IRA FLATOW: And let’s imagine an astronaut gets sick in space. Just sky with me [LAUGHS] now. How do they determine if someone who gets sick in space, it’s because of in-flight sickness, a pathogen from Earth, or maybe a planet– some other pathogen that snuck in? How would you know that?

DR. NICK BERNARDINI: So that’s exactly the type of work that we’re doing right now with our knowledge gaps and planning for moon to Mars. And so we have the luxury right now on the International Space Station that if an astronaut gets sick, we have several days we can get that astronaut back down to Earth for medical attention.

Once we start talking about lunar surface missions in the upcoming years, some of that may be upwards of a week before we can get that astronaut back to Earth. And even Mars is particularly more time-consuming from an orbital dynamics perspective. We’re talking upwards of 600-plus days depending on when that astronaut were to get sick. And so we have to think about that a little bit different than what we do currently with our International Space station astronauts.

IRA FLATOW: And do you have special testing kits that would quickly diagnose that?

DR. NICK BERNARDINI: So that’s what we’re looking at developing with the Office of Chief Health and Medical at NASA. And so we need to work through from a planetary protection perspective and a built environments perspective if it’s a human-associated organism, or if it’s something from Mars. And so we’re working to fill those knowledge gaps and to develop a framework for that kind of decision making within this next decade.

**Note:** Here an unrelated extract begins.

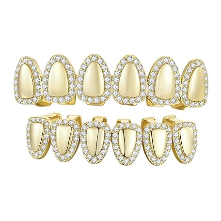 • Hip Hop Grills Iced Out Diamant-Zähne Grillz Für Männer Und Frauen, Cosplay Party Zähne Grillz Schmuckzubehör(Gold)
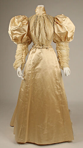 The 1830s silhouette was created by a corseted, raised waistline; here a bell-shaped skirt reveals the lower ankle. By the late 1830s, the gigot sleeve was collapsing at the sleeve cap, but in this case, its detachable pelerine, or capelet, sustained the broad triangulated shoulder line of the period. The similarities between men's and women's fashion extended to footwear: women could wear flat slippers or tiny booties not so different from the boots and walking shoes of men.

IRA FLATOW: One question that I always get– and I’ve been talking about this for quite some time– is from people who do not think we should be exploring other planets. They think we should be focusing on the problems here on Earth. It’s a good point given all of our problems with climate change. Why do you think we should explore other planets. Why should we be so concerned about bringing our environment over there?

DR. NICK BERNARDINI: Well, I think from a perspective of going and exploring, I think, obviously, it’s human nature to go explore. And I think from having other planets and being able to have that curiosity, I think that’s essentially inherent in our human DNA. There also is a lot of potential spin-offs that we’ve seen throughout the years with NASA products that we might need for space that put it into our daily lives and impact Earth. I’m thinking VELCRO, also, perhaps a lot of our environmental life support systems that we have for water cleaning coming up.

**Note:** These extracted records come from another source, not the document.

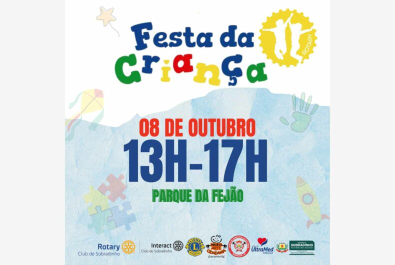 A tradicional Festa da Criança promovida anualmente pelo Rotary Club Sobradinho volta a ser realizada após período de pandemia. O evento ocorre neste sábado, 8 de outubro, no Parque da Fejão.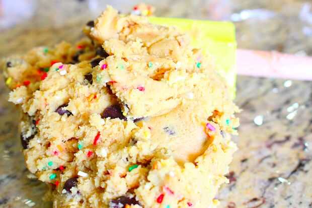este cupcake con pasta de la galleta real en el centro y coronado con una escarcha de azúcar morena. También he utilizado este glaseado para hacer sándwiches de galleta de chispas de chocolate!Chocolate Chip Cookie masa magdalenasRendimiento: 24 cupc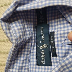 Ralph Lauren men's babyblue/white pink logo button down longsleeve large like new 100% cotton"classic fit"

So I think there’s a lot of cross-pollination and cross-potential for the technologies to be fed forward into improving our Earth life that we see on a regular basis.

IRA FLATOW: Do you think we need a better technology for sterilizing– to use a better word– the craft we send out, especially for going to Europa or some other place?

DR. NICK BERNARDINI: So don’t think it’s necessarily the sterilization. I think it’s more along the lines of how do we keep it clean? That’s really the hardest job that we have. So whether that’s thinking about different types of bio-barriers or protective shields after we keep it clean. Perhaps, it’s more stringent types of clean processing. And we’re leveraging heavy right now on the medical-sterilization industry with high heat, vapor hydrogen peroxide, solvent types of cleaning methods very similar to med device, for example, or pharmaceuticals.

IRA FLATOW: We look forward to talking more with you and learning more about this. Thank you, Dr. Bernardini, for being with us.

DR. NICK BERNARDINI: You’re welcome. Thank you.

IRA FLATOW: Nick Bernardini is the planetary protection officer at NASA.